We started that migration on a Friday night at the end of May 2009 so everything would be live on Monday morning. Yes, there were pizza boxes and cans of Red Bull scattered around our office in New York City, and the 12-hour sessions staring at our screens left us all bleary-eyed. Lead developer Franqueli Mendez, a black-bearded giant, enveloped his laptop like a serenely calm, code-cranking Buddha. Josh and I sat next to each other, frantically tagging content from the old site with our production team of Jacqueline Parker and Michael Spector at their cubes in Piscataway, N.J., and in the virtual trenches with us.

At the heart of a publication’s website is a content management system (CMS), which we use to produce and track all the articles, videos, audio segments, still photographs, and other items that constitute the entire site.

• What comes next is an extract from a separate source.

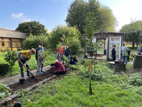 Im schuleigenen Garten wurde eine neue Struktur angelegt. Den Rodenberger Schulgarten gibt es schon Jahrzehnte, die Sträucher und Bäume waren nun aber sehr hoch gewachsen, sodass knapp 50 Lehrerinnen und Lehrer noch vor den Sommerferien an einem Nachmittag den Schulgarten so „aufräumten“, dass die Schülerinnen und Schüler sich an diesen Projekttagen Sträucher, Stauden und Gewächse neu einpflanzen konnten und das Wachstum und die spätere Ernte begleiten können.
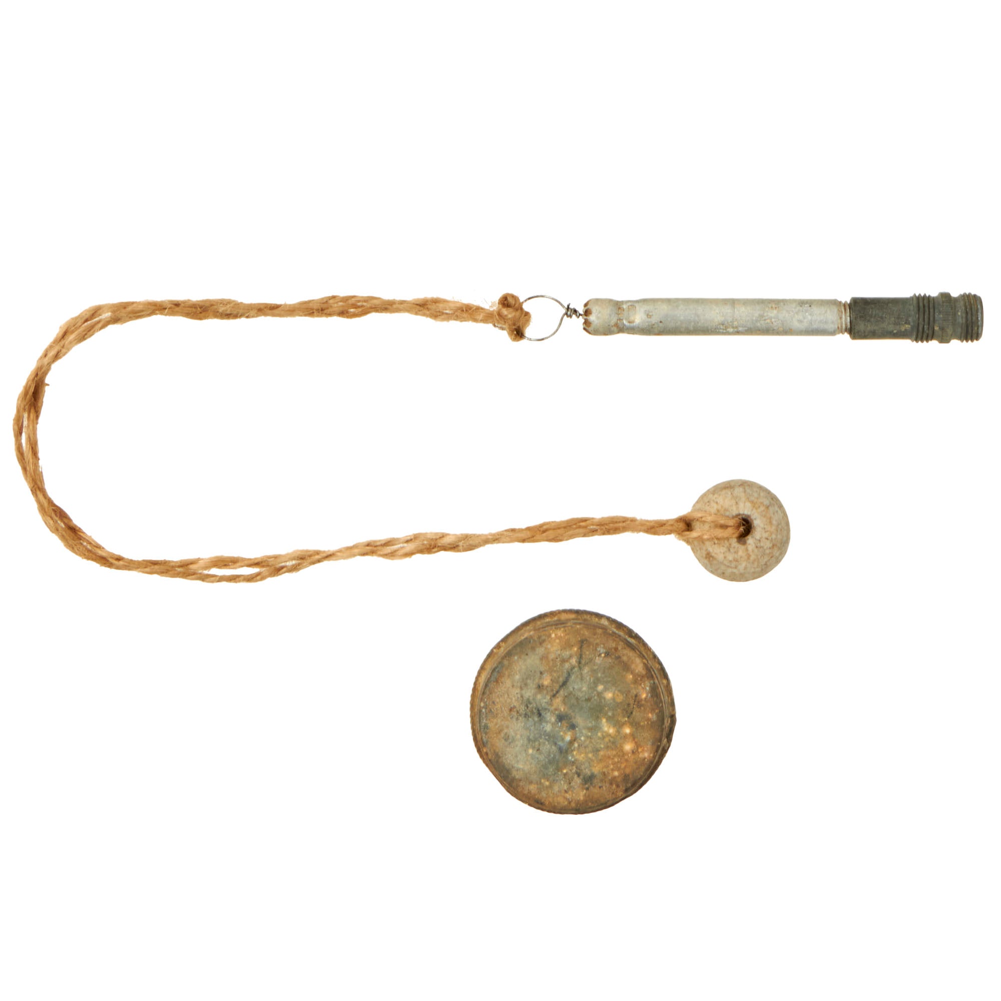 The Riker case measures roughly 12 x 16 x 2” and doesn’t have a lid, as it’s meant to display as is, with the grenade pieces bulging out. The shaft of the grenade is in rough shape with the top piece heavily oxidized with two of the screws loose, which are in a small plastic bag in the display. There are no visible markings left on the shaft or on the head. The head of the grenade has lost a great deal of its threading, so it will no longer screw onto the body. The head also appears to have been repainted its original green color. The full original pull-cord, bead, and fuze are retained and are displayed on their own in the case. The bead is still fully attached to the string, and the fuze is still fully connected to the string. The bottom cap of the grenade is also still intact and displayed off of the grenade.

During that cutover weekend, our group became intimately acquainted with our new CMS, the four of us slotting old articles and blog entries into topical channels and loading visually exciting stories onto the home page. Meanwhile, Franqueli’s fingers danced across the keyboard, fixing bugs on the fly.

When the site launched, we high-fived and hugged each other like we’d just won the World Cup. We took a few moments to appreciate the magnitude of the change. Visually, our site had been instantly transmogrified from a dull blue smudge that you had to squint to read to a (maybe too) vibrant green-and-orange frame for the best tech journalism on the planet. And then we got to work fixing the bugs Franqueli hadn’t gotten to.

In comparison with the rough-and-tumble of that fifth-generation launch, the design and implementation last year of our sixth-gen site, the one you are probably viewing right now, was downright dull. Josh, Kenneth Liu (our lead developer), and I had learned much in the intervening four years. The site redesign had a clear goal: to provide a great experience for people viewing it on anything from a smartphone to an HDTV screen. Our scrum planning meetings were tightly structured, our requirements very clearly defined, our sprints more efficient. Testing happened in concert with development. Our design partners at Method delivered detailed, documented specs and front-end code. A five-month-long beta period gave us time to migrate all our existing content to the new formats and also to elicit user feedback that we incorporated before launch. When the site went live in May 2013, it did so with little fuss and no glitches.

Our site now has the flexibility to feature new kinds of content, such as the interactive Top Programming Languages app, and new blogs, such as Cars That Think and View From the Valley, which both debuted in May. And we’re not done. Like organisms, the only websites that don’t change are the dead ones. The Wayback Machine is littered with them.